Problem statement.
Your copy runs from the line containing "U arhivu i iz" through the last line of the listing, both included. Restate those lines word for word and leave out pictures.

Information supplied.
<<<<

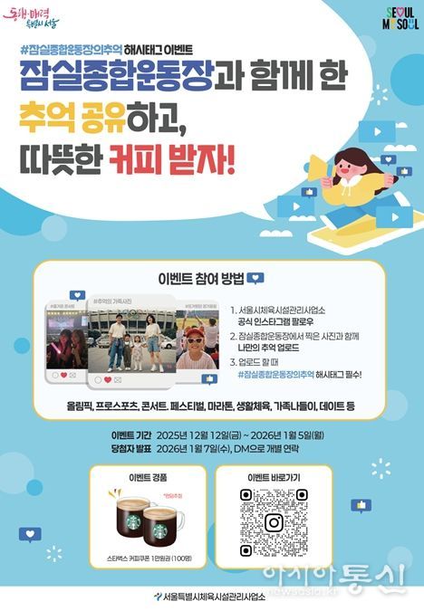 [아시아통신] 서울시 체육시설관리사업소는 잠실종합운동장에서 시민이 경험한 다양한 추억과 기억을 수집하기 위한 SNS 이벤트 '#잠실종합운동장의 추억 해시태그 이벤트'를 2026년 1월 5일까지 진행한다고 밝혔다.
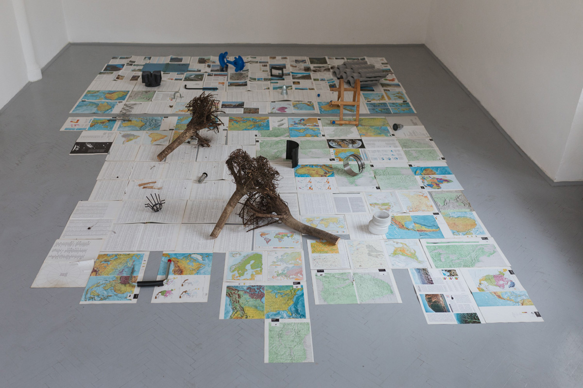 U arhivu i iz arhiva nastaje Površinski kop, Ilićeva izložbena instalacija na podu, sastavljena od stranica geografskog atlasa i rekvizita korištenih u predstavama Crtač (2014.) i Iskop (2018.). Siniša Ilić u radu koristi predmete stavljene „izvan upotrebe“ poput karata koje više ne reflektiraju stvarnu političku, klimatsku ili demografsku sliku svijeta. Propitujući kroz postav i samo značenje arhiva, kreira „meditativni prostor ograničene funkcije i aktivnog poziva na kretanje.“
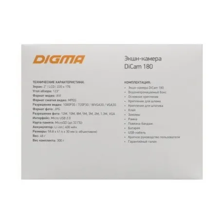 Экшн-камера Digma DiCam 180 Grey DC180 - этот товар вы можете купить по цене 1955 руб. в интернет-магазине КотоФото. Характеристики, описание товара, фото и цена представлены на карточке товара. Заказать товар вы можете по телефону 8(812)426-98-99 в Саратове.

>>>>

Output below.
 U arhivu i iz arhiva nastaje Površinski kop, Ilićeva izložbena instalacija na podu, sastavljena od stranica geografskog atlasa i rekvizita korištenih u predstavama Crtač (2014.) i Iskop (2018.). Siniša Ilić u radu koristi predmete stavljene „izvan upotrebe“ poput karata koje više ne reflektiraju stvarnu političku, klimatsku ili demografsku sliku svijeta. Propitujući kroz postav i samo značenje arhiva, kreira „meditativni prostor ograničene funkcije i aktivnog poziva na kretanje.“
 Экшн-камера Digma DiCam 180 Grey DC180 - этот товар вы можете купить по цене 1955 руб. в интернет-магазине КотоФото. Характеристики, описание товара, фото и цена представлены на карточке товара. Заказать товар вы можете по телефону 8(812)426-98-99 в Саратове.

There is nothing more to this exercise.